Leishmaniasis is a vector-borne disease caused by protozoan parasites of the genus Leishmania. It is transmitted by phlebotomine female sand flies of the genera Phlebotomus and Lutzomyia in the old and new world, respectively. More than 20 well-recognized Leishmania species are known to infect humans and cause visceral (VL), cutaneous (CL) and mucocutaneous (ML) forms of the disease. Approximately 350 million people are at risk of contracting the disease and an estimated 1.6 million new cases occur annually. The disease mainly affects poor people in Africa, Asia and Latin America, and is associated with malnutrition, population migration, poor residency conditions, frail immune system and lack of resources. Previously, diagnosis of leishmaniasis relied mainly on invasive techniques of detecting parasites in splenic and bone marrow aspirates. Nevertheless, serological tests using the recombinant kinesin antigen (rK39) and molecular methods (polymerase chain reaction) are considered the best options for diagnosis today, despite problems related to varying sensitivities and specificities and field adaptability. Therapy of leishmaniasis ranges from local treatment of cutaneous lesions to systemic often toxic, therapy for disseminated CL, ML and VL. Agents with efficacy against leishmaniasis include amphotericin B, pentavalent antimonial drugs, paromomycin and miltefosine. No single therapy of VL currently offers satisfactory efficacy along with safety. This article provides a brief and updated systematic review on the epidemiology, diagnosis and treatment of this neglected disease.

INTRODUCTION

Leishmaniasis is one of the world’s most neglected diseases, largely affecting individuals of low socioeconomic level, mainly in developing countries.^[1–3] Clinically, the disease is characterized by a diverse spectrum of manifestations that are developed after infection with protozoan parasites of the genus Leishmania. Features of the disease vary widely, but are often divided into three distinct clinical syndromes, namely visceral leishmaniasis (VL) that is potentially a life-threatening condition if untreated, cutaneous leishmaniasis (CL) and mucosal leishmaniasis (ML).^[4] A complex interaction between the type of infecting species and the host immune responses seems to be responsible for the development and phenotypic expression of the above-mentioned syndromes in an index patient. In the past 10 years, major scientific breakthroughs have been made in the treatment, diagnosis and prevention of leishmaniasis.

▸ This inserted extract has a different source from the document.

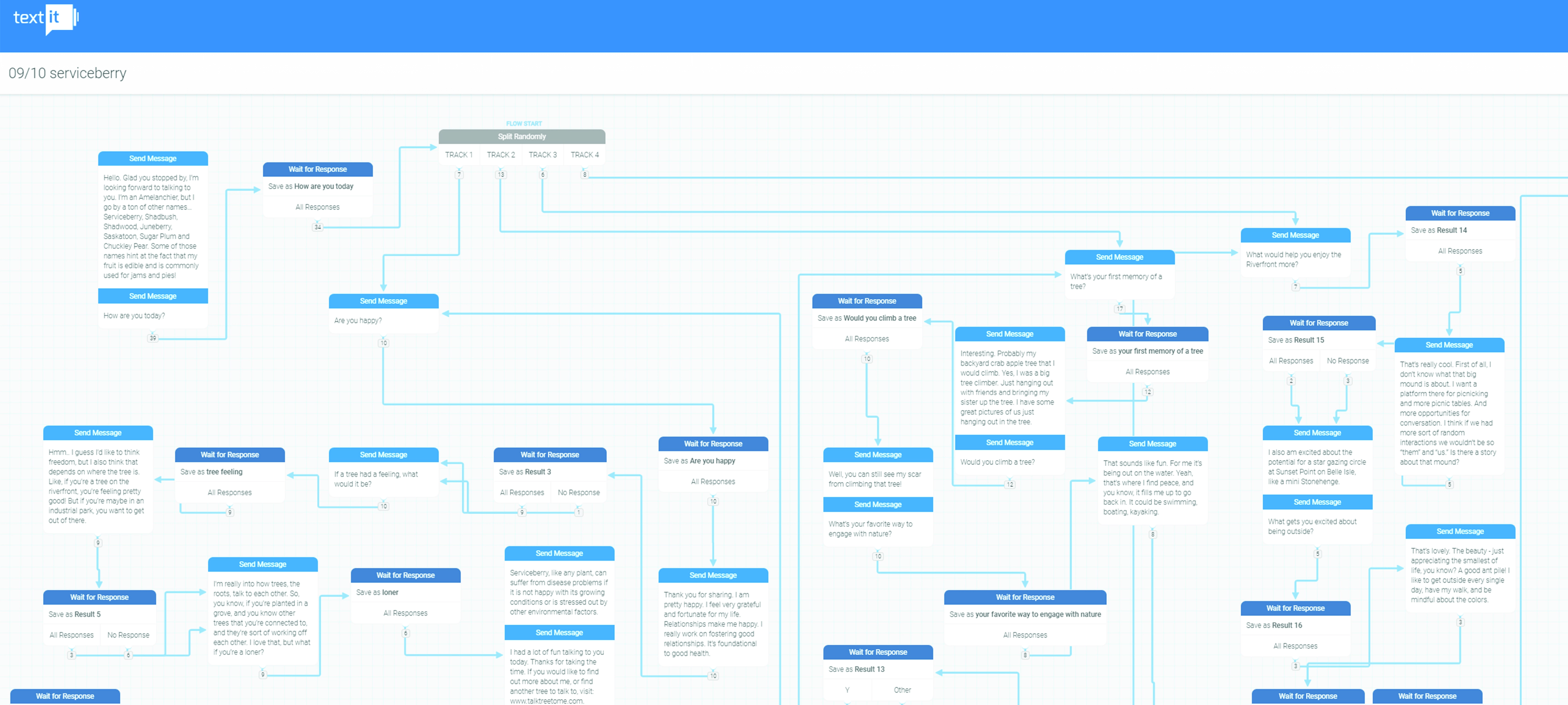 Project Brief: Talk Tree to Me is an interactive design project that was installed for the Detroit Month of Design—a month-long design festival taking place during the height of the pandemic in September of 2020. The project is a collaboration by Spackman Mossop Michaels (SMM)—a landscape architecture and urban design firm in Detroit and New Orleans—and its partners Detroit Riverfront Conservancy and Sierra Club Michigan Chapter. The project is part urban eco-scavenger hunt and part interactive exhibit. Detroit residents explored the Detroit Riverfront throughout the month and interacted via text message with a collection of 12 trees, each a different species common to Detroit, that had been programmed via an automated chatbot technology with the real-life thoughts and questions of local Detroiters. Concept: Urban trees make a city livable. They create shade, capture carbon to combat climate change, and clean the water. They prevent flooding, provide bird and wildlife habitat, and produce oxygen for us to breathe. They alleviate stress, improve health outcomes, and create economic growth. They are places of memory, community gathering spaces, and symbols of cohesive social life. Urban trees are a nuisance. They grow and crack driveways and sidewalks, drop leaves and limbs onto roofs and into gutters, fall and destroy houses. They clog city infrastructure, block city streets, and break electrical power lines. They cause friction between residents and the city over maintenance, arguments between neighbors over property damage, and are symbols of hopelessness and loss when left standing dead for decades. The relationship between communities and trees is complex. Beyond these “tangible” issues of value and cost, trees are tied to larger cultural narratives about identity, race, wealth, and justice. At the city level, trees are intricately woven into ideas of political autonomy, power, control, and care. Even neighbor to neighbor, trees are often seen as symbols of class, character, and politics. Talk Tree to Me was created to facilitate a conversation about trees in Detroit, using trees themselves as the vehicle of conversation. It does not hope to answer these far-ranging questions in a definitive way. Rather, the goal is to open a space for conversation and simultaneously encourage people to stop and pay attention to the trees in their city. While experiencing the early stages of a global pandemic in 2020, Talk Tree to Me—as an entirely outdoor and technology-based project—facilitated an opportunity for Detroiters to interact with one another and create meaningful conversations in a safe way. Interaction: Spackman Mossop Michaels (SMM) invited 12 Detroiters from diverse backgrounds, ranging from age 10 to over 60, to become the voices and personalities for 12 trees of different species found along the Detroit Riverfront. Through a series of 30-minute interviews, participants formulated the questions and set the topics their respective tree would discuss with the public via text message. Once the trees and interviewees were paired, a conversation dialogue was designed from the interview transcripts to create a dynamic conversation for each tree. The prompts and questions each tree asked are derived directly from the interviews. For example, the prompt from the tree—a Dawn Redwood in this instance—was taken directly from the interview with Detroit resident Rayshaun Landrum: Dawn Redwood: It’s strange, when I travel sometimes, I think about how you can be in such different places at the beginning of the day and the end. It makes you think, is this all even real? How do you know if this is all real what we experience every day? Texter23: Good question. Very matrix! Dawn Redwood: Oh, I like that perspective. I think it is the things you can see and touch that make things feel real. While the conversations generally revolve around the theme of trees, the space was opened for a wide-ranging conversation. Not every question, or response, from the tree is about trees. Sometimes the conversations focused on what it means to live in Detroit, or simply favorite things to do. The trees became the conduit for a conversation between Detroiters about trees, but also about what it means to live in Detroit. River Birch: While we’re brainstorming… what could Detroit do with all the vacant land? Texter24: Tear up the concrete and let it become a urban forest River Birch: We can't just build on all of it, some of that has to be preserved. We're going to have to designate sanctuaries or safe havens for wildlife. River Birch: What are you doing to contribute to the environment? Texter24: Not much. I don't even have recycling and I feel pretty bad about it Included in these conversations are interesting facts about the particular tree species. These “Tree Facts” shed light on both positively and negatively viewed attributes and impacts on the community around them to initiate a more dynamic and candid conversation. Ginkgo: TREE FACT: Ginkgo trees are deciduous, and the leaves turn a beautiful bright yellow in fall. Ginkgos also have separate male and female trees. The fruit of the female trees is very stinky! Ginkgo: Are you willing to climb a tree? Texter18: One of my favorite past times as a kid Process: SMM programmed each of the tree dialogues through a chatbot program called TextIt. The conversation provides automatic responses from the tree based on user interaction as well as alternative paths for the conversation to flow based on how the texter chooses to answer. This variability allows a texter to have multiple unique conversations with a given tree. To engage the Detroit community, SMM created the website, www.talktreetome.com, to convey the project’s purpose, location, participant bios and instructions on how to interact with the trees. It also became the platform for sharing the results at the close of the month-long interactive period, so that the thoughts and insights f

In this brief review, we focus on the current aspects of epidemiology, diagnosis and treatment of this challenging disease.

Epidemiology

Leishmaniasis is widely distributed across 88 tropical, subtropical and temperate countries, with more than 350 million people at risk. An estimated 12 million patients suffer from leishmaniasis, with 0.2–0.4 million of new VL and 0.7–1.2 million of new CL cases per year worldwide.^[1–4] The disease mainly affects poor people in Africa, Asia and Latin America, and is associated with malnutrition, population migration, poor residency conditions, frail immune system and lack of resources.^[3] Specifically, more than 90% of VL cases globally occur in six countries: Bangladesh, Brazil, Ethiopia, India, South Sudan and Sudan.^[1,4] CL is more widely distributed throughout America, the Mediterranean basin and western Asia. The 10 countries with the highest number of affected cases of CL, which account for 75% of the global incidence, are Afghanistan, Algeria, Brazil, Colombia, Costa Rica, Ethiopia, Iran, Peru, North Sudan and Syria.^[1,4,5]

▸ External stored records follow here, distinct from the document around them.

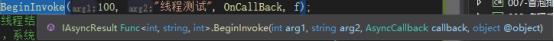 光标放在BeginInvoke上我们可以看到,对应着我们定义的Func<int,string,int>,前两个参数即是我们传递到Func中的两个参数(100, "线程测试"),都很好理解。Func指向的方法需要几个参数,BeginInvoke前面部分就需要几个参数;如果Func不需要参数,那么BeginInvoke就只有了两个参数;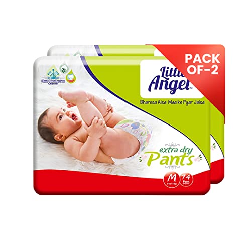 Little Angel Extra Dry Baby Pants Diaper Medium (M) Size 148 Count Super Absorbent Core Up to 12 Hrs. Protection Soft Elastic Waist Grip & Wetness Indicator Pack of 2 74 count/pack Upto 5-11kg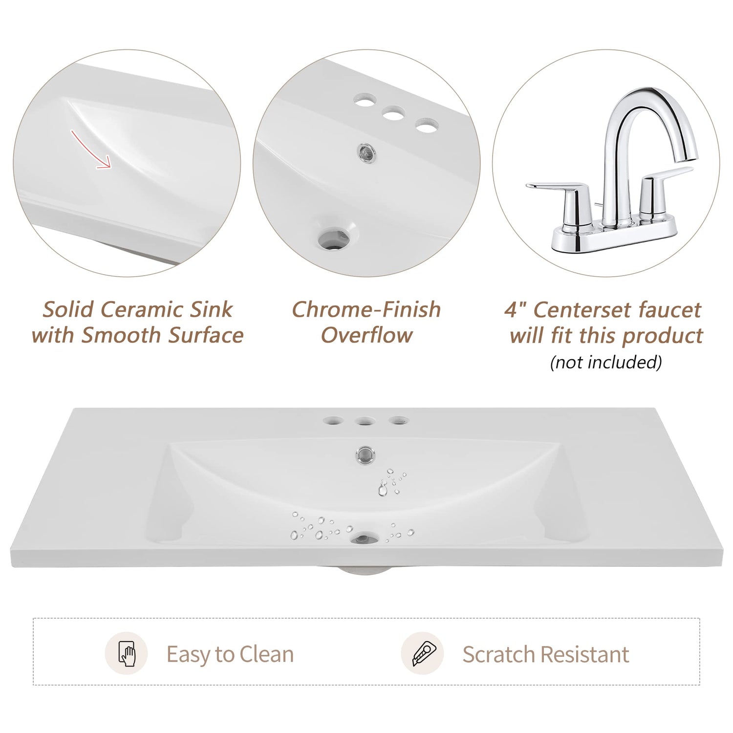 - Ceramic Sink - The elegant white ceramic sink with rounded basin is equipped with an integrated overflow and three hole faucet mount. Half-moon shaped design ceramic sink extends boundary almost to the edge to make a large sink. Ceramic is so easy to clean that you can keep it smooth and shinning effortlessly. 4 " centerset faucet will fit this sink (not included).

Overall, infection is caused by more than 20 species of Leishmania parasites, which are spread by approximately 30 species of phlebotomine sand flies. Female sand flies of the genus Lutzomyia in America (new world) and Phlebotomus in the rest of the world (old world) transmit Leishmania spp. The sand fly vectors generally are most active after evening, in the night-time hours (“from dusk to dawn”).^[4] Climate and other environmental changes have the potential to expand the geographic range of the sand fly vectors and the areas in the world where leishmaniasis is found.^[6] Typically, leishmaniasis is transmitted by the bite of an infected female sand fly to mammalian reservoirs, such as rodents, marsupials, edentates, monkeys and wild or domestic canines. Humans are infected incidentally in endemic areas.^[7] VL can also be transmitted via intravenous drug use, blood transfusion, organ transplantation, congenital infection and laboratory accidents, although these modes of transmission are relatively rare.^[8–10]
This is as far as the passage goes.